Versus the same query written as a correlated subquery

SELECT t.x, (
  SELECT *
  FROM ( VALUES (1),(1) )
    AS y(x)
  WHERE y.x = t.x
)
FROM ( VALUES (1),(2) )
  AS t(x);
ERROR:  more than one row returned by a subquery used as an expression

That tells the planner something useful, and it can optimize that. Adjusting for this, by reducing the inner table to one row -- you'll see the plans:

EXPLAIN ANALYZE SELECT t.x
FROM ( VALUES (1),(2) )
  AS t(x)
LEFT OUTER JOIN (
  VALUES (1),(1)
) AS y(x)
USING (x);

                                                     QUERY PLAN                                                      
---------------------------------------------------------------------------------------------------------------------
 Hash Left Join  (cost=0.05..0.10 rows=2 width=4) (actual time=0.019..0.021 rows=3 loops=1)
   Hash Cond: ("*VALUES*".column1 = "*VALUES*_1".column1)
   ->  Values Scan on "*VALUES*"  (cost=0.00..0.03 rows=2 width=4) (actual time=0.002..0.003 rows=2 loops=1)
   ->  Hash  (cost=0.03..0.03 rows=2 width=4) (actual time=0.005..0.005 rows=2 loops=1)
         Buckets: 1024  Batches: 1  Memory Usage: 9kB
         ->  Values Scan on "*VALUES*_1"  (cost=0.00..0.03 rows=2 width=4) (actual time=0.001..0.003 rows=2 loops=1)
 Planning time: 0.107 ms
 Execution time: 0.046 ms
(8 rows)

Correlated subquery method.

EXPLAIN ANALYZE SELECT t.x, (
  SELECT *
  FROM ( VALUES (1) )
    AS y(x)
  WHERE y.x = t.x
)        
FROM ( VALUES (1),(2) )
  AS t(x);


                                              QUERY PLAN                                               
-------------------------------------------------------------------------------------------------------
 Values Scan on "*VALUES*"  (cost=0.00..0.05 rows=2 width=4) (actual time=0.014..0.017 rows=2 loops=1)
   SubPlan 1
     ->  Result  (cost=0.00..0.01 rows=1 width=0) (actual time=0.003..0.004 rows=0 loops=2)
           One-Time Filter: (1 = "*VALUES*".column1)
 Planning time: 0.097 ms
 Execution time: 0.043 ms
(6 rows)

This follows vaguely your above examples. So when is a correlated subquery better than a join? Not sure, but the correlated subquery gets to skip the hash join.

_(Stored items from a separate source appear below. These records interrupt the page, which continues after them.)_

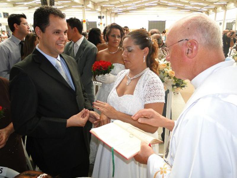 O pavilhão da FOB – Federação Ornitológica do Brasil foi todo enfeitado para receber os 66 casais participantes do Casamento Comunitário. Vinte e três casais se uniram no civil, 29 no Religioso Católico e 14 no Religioso Evangélico. Teve até casamento em Libras. Marcos Vinícius dos Santos Gomes, 28 anos, Rio de Janeiro, e Estela Elvira Gaspar Gomes, 37 anos, Beija-Flor, se conheceram no Rio de Janeiro, em um trabalho social de uma associação de surdos. “Ela gostava muito de teatro, piada e a gente começou a se conhecer, se aproximar. Ela não queria, mas eu fui tentando. Aí a gente começou a se olhar, namorar e isso já faz sete anos”, conta Marcos. Radiante, o noivo elogiou e agradeceu: “Eu não sabia desse trabalho... Fui me informar e gostei muito. Em um casamento particular o custo é muito alto, dessa forma ajuda bastante... Isto é um presente de Deus em nossas vidas”, disse o noivo.
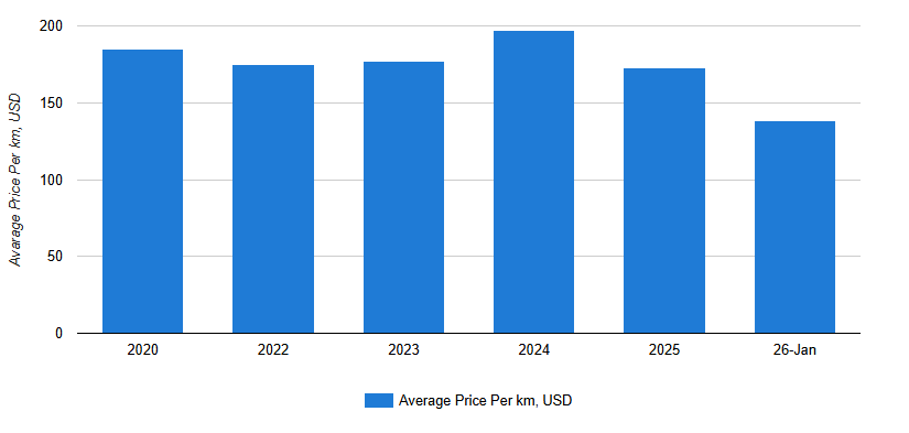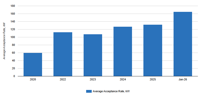 EV charging performance has improved significantly, with average charge acceptance rates rising from 60 kW in 2020 to around 165 kW by 2026. These gains reflect advances in battery technology, thermal management, and fast-charging infrastructure. Faster charging times are reducing usability barriers, making electric vehicles more practical for long-distance travel and supporting broader mass-market adoption.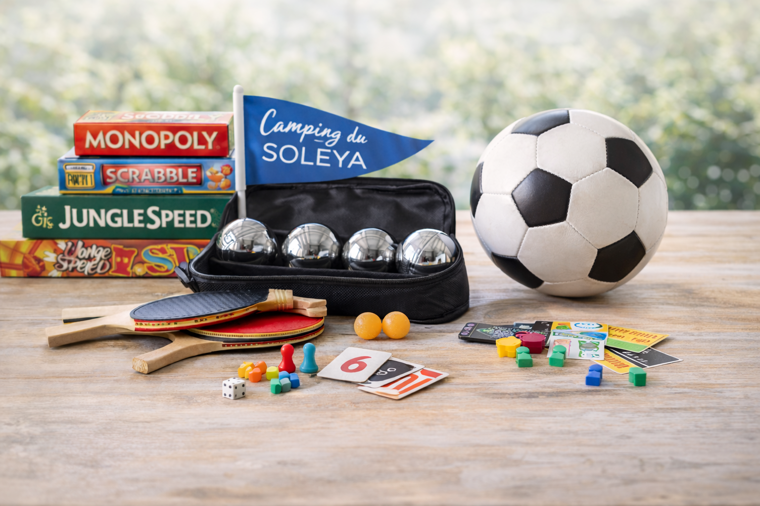 Au Camping du Soleya nous mettons à disposition, gratuitement à l’accueil, différents équipements pour rendre votre séjour plus agréable et divertissant. Côté loisirs, vous pouvez emprunter un ballon de foot, des boules de pétanque, des raquettes de ping-pong, ainsi que divers jeux de société pour des moments conviviaux en famille ou entre amis.

You have in your plan this

Filter: ((id_site IS NULL) AND ("labelDate" < '2015-09-01'::date))

That's not even the same SQL you've got above. That makes me call into question the whole thing.

I would do this though

CREATE INDEX ON pages ( labelDate ) WHERE id_site IS NULL;

If you don't have an index on id_site IS NULL or id_site then it seems likely you're just forcing a seq scan there.